On the day of the Baltimore Convention Center attack, DHS 10:00-5:30 action officers Dick Siegel and Clare Karl were preparing to carpool home to the Arlington County suburb where they both lived. Workers on the 5:30-1:00 shift were just beginning to arrive. They exchanged quick, impersonal hellos with their daytime counterparts. All the shifts shared desks, which limited the personalization and added to the sterility of a room that was already function oriented.
It was Siegel’s turn to drive, and he’d been about to grab his cell phone from his desk when there was a three-tone computer ping alerting him to a “situation.” He glanced at the leftmost of his three monitors, the one earmarked for general use, and saw the red-boxed “alert” prompt.

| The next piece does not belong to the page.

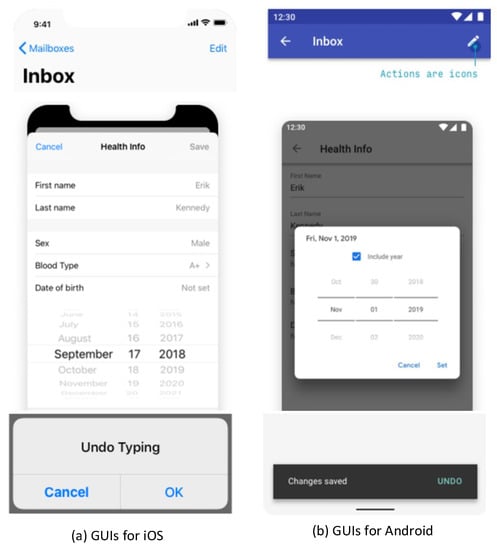 - Qin, X.; Zhong, H.; Wang, X. Migrating GUI test cases from iOS to Android. In Proceedings of the 28th ACM SIGSOFT International Symposium on Software Testing and Analysis (ISSTA 2019), Beijing, China, 15–19 July 2019; Association for Computing Machinery: New York, NY, USA, 2019; pp. 284–295. [Google Scholar]

“Got something,” he told Karl, who was already watching other officers checking the update. She stepped behind Siegel as he leaned over the keyboard.
“Hope it’s not important,” she said. “I have a T-ball game to get to.”
“I think we’re playing you,” Siegel said.
Almost as soon as word of the attack reached the NOC, the first dribbles of intel began coming from the center. The SNMC’s automated software applications, or web robots, generated hundreds of meta tags that enabled them to sniff around for suspicious or otherwise noteworthy keywords, and the ones that got the Twitter bots hopping at approximately 5:15 p.m. that Sunday evening were all of a kind: explosion, blast, bomb.
“What the hell is this?” Siegel wondered aloud as updates came up on the other two computer screens.